[erlang-questions] Re: erlang improvement - objective c (or smalltalk) syntax

Richard O'Keefe ok@REDACTED
Sat Jun 6 07:01:48 CEST 2009

On 6 Jun 2009, at 2:40 am, Thomas Lindgren wrote:
> 1. How do we handle higher-order calls efficiently?

Because Erlang distinguishes between calls to known functions
(identifier begins with a lower case letter) and calls to
unknown functions (identifier begins with an upper case letter),
and because my zero-runtime-cost proposal is just name mangling,
my proposal allows you to use the equivalent of keywords in
calling a higher-order function, but not in calling higher-
order arguments.  That is, you can define

     filter(_, [])    then_map(_) -> [];
     filter(P, [H|T]) then_map(F) ->
	case P(H)
	  of true  -> [F(H) | filter(P, T) then_map(F)]
            ; false ->         filter(P, T) then_map(F)]

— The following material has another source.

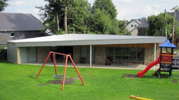 Wenn man aus westlicher Richtung durch das Tor den Spielplatz betritt, sieht man die Front mit dem Eingang und die überdachte Terrasse. Die beiden Seiten, die sich in Richtung Spielplatz öffnen, wurden aus Bruchstein gemauert und haben mehrere Öffnungen zur Belichtung. Der Versammlungsraum lässt sich mittels großer Türen in Richtung überdachter Terrasse öffnen. Im Eingangsbereich ist außerdem eine Sitzbank angebracht, von der man eine gute Aussicht auf den Spielplatz hat.

What it doesn't provide is anything resembling keyword parameters
in P and F.  Now Smalltalk uses higher-order functions *heavily*.
And it has precisely the same setup: calling known methods and
calling blocks are syntactically different, and there's no analogue
of keywords for calling blocks.  Here's the Smalltalk code I was
imitating above:

     select: selectBlock thenCollect: collectBlock
         r := OrderedCollection new.
	self do: [:each |
	    (selectBlock value: each)
		ifTrue: [r addLast: (collectBlock value: each)]].
	^self pvtAsSpecies: r

Or here is the Smalltalk equivalent of foldl:

     inject: initial into: binaryBlock
	r := initial.
	self do: [:each |
	    r := binaryBlock value: r value: each].

b value: x		is like B(X)
b value: x value: y	is like B(X, Y)

The interesting thing here is that split procedure names give you
_most_ of the benefit of keyword parameters *without* violating
the spirit of functional programming by breaking alpha conversion
or requiring any change to the type system, *but* that it means
that functions don't actually _have_ keywords.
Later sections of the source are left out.